CfP: Thriving Through Gameplay

Well Played Journal Special Issue CfP: Thriving Through Gameplay

 
Edited by iThrive Games’ team of experts and game design faculty members from various universities, in cooperation with ETC Press.
 
iThrive Games explores how great games can empower teens to discover and use their unique strengths, unlock their potential, and take charge of their well-being. iThrive Games, a division of Centerstone Research Institute and funded by the D.N. Batten Foundation, facilitates the development of digital games and applications that empower teens to take an active role in their own social and emotional well-being.
 
iThrive Games has partnered with Well Played to produce a special edition of the journal. The purpose of this special issue is to investigate the connection between video games and positive psychology.
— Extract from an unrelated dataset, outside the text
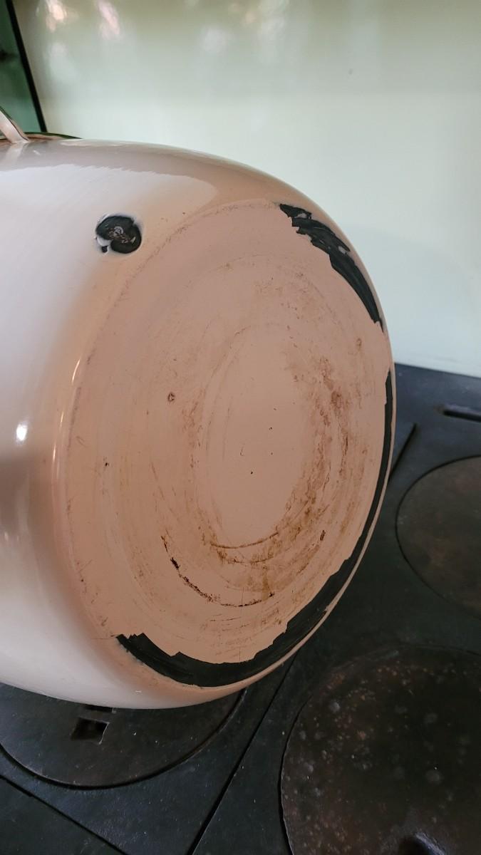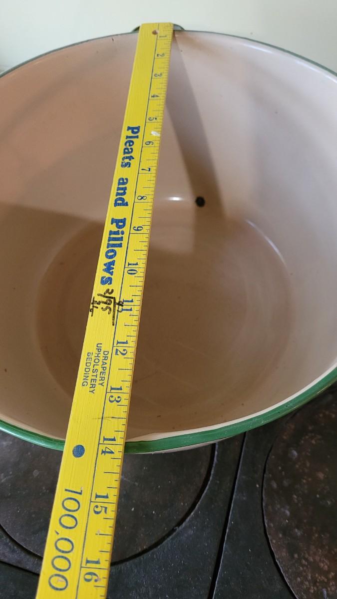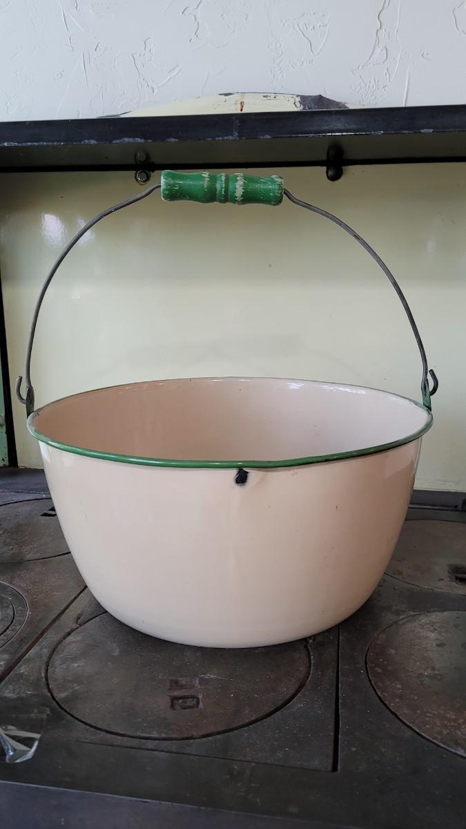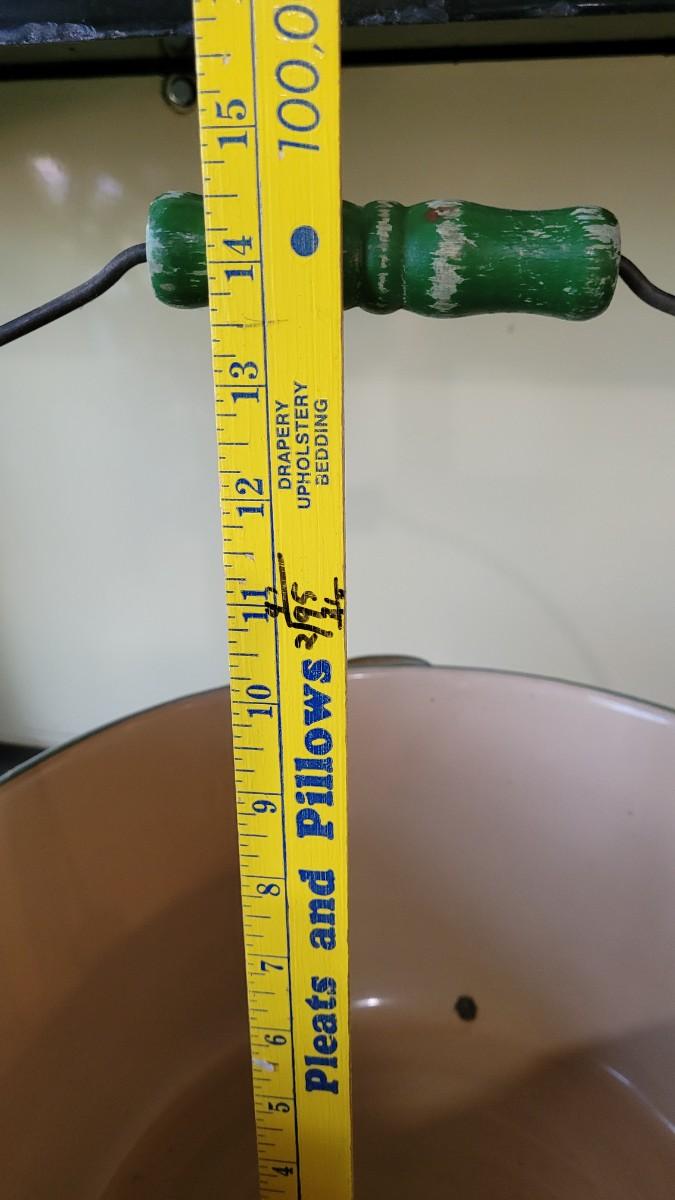 Lot 78: Vintage Ivory with Green Rim Enamelware and Green Wood Handle

Positive psychology is a strengths-based approach that focuses on the ways human beings thrive by making meaningful, purposeful, and socially connected lives. Specifically, positive psychology focuses on cultivating and practicing skills such as social and emotional intelligence, empathy, gratitude, kindness, curiosity, creativity, and self-efficacy (and more).
 
Authors are invited to submit manuscripts which explore, from a well-played perspective, video games, game mechanics, and gameplay contexts (e.g., physical settings and relationships within them) that support the cultivation of habits for thriving, including social and emotional skills. Articles focusing on the connection between games and teen thriving, in particular, are highly encouraged. We welcome analysis across a diverse range of digital games including commercial and noncommercial titles and seek a wide variety of perspectives including those of players, developers, educators, and behavioral health professionals.
 
Topics of interest include, but are not limited to:
 
      Identifying personal strengths and abilities through gameplay
      Designing games for empathy
      Cooperative gameplay and prosocial outcomes
      Games as a space for self-exploration and identity experimentation
      Fostering growth mindset through gameplay
      Cultivating optimism through gameplay
      Gameplay to enhance persistence in real life
      Promoting teen health and well-being
      Building teens’ self-awareness through gameplay
      Boosting self-efficacy through gameplay
      Games as a tool for social and emotional skill development
      Developing resilience through gameplay
 
ETC Press is accepting submissions for this special issue of the Well Playedjournal now, and all submissions are due by September 1, 2017.
 
All submissions and questions should be sent to: Heidi McDonald, Creative Director at iThrive Games: heidi.mcdonald@ithrivegames.org
 
For more information and formatting guidelines, visit:
 
Well Played is a forum for in-depth, close readings of games that parse out the various meanings to be found in the experience of playing a game.  It is a reviewed journal open to submissions that will be released on a regular basis.
 
Contributors are encouraged to analyze sequences in a game in detail to illustrate and interpret how the various components of a game can come together to create a fulfilling playing experience unique to this medium. Through contributors, the journal will provide a variety of perspectives on the value of games.
 
The goal of the journal is to continue developing and defining a literacy of games as well as a sense of their value as an experience.
 
Games are a complex medium that merits careful interpretation and insightful analysis. By inviting contributors to look closely at games and the experience of playing them, we hope to expand the discussion, and show how games are well played in a variety of ways.
 
The ETC Press is an academic and open-source publishing imprint that distributes its work in print, electronic and digital form. Inviting readers to contribute to and create versions of each publication, ETC Press fosters a community of collaborative authorship and dialogue across media. ETC Press represents an experiment and an evolution in publishing, bridging virtual and physical media to redefine the future of publication.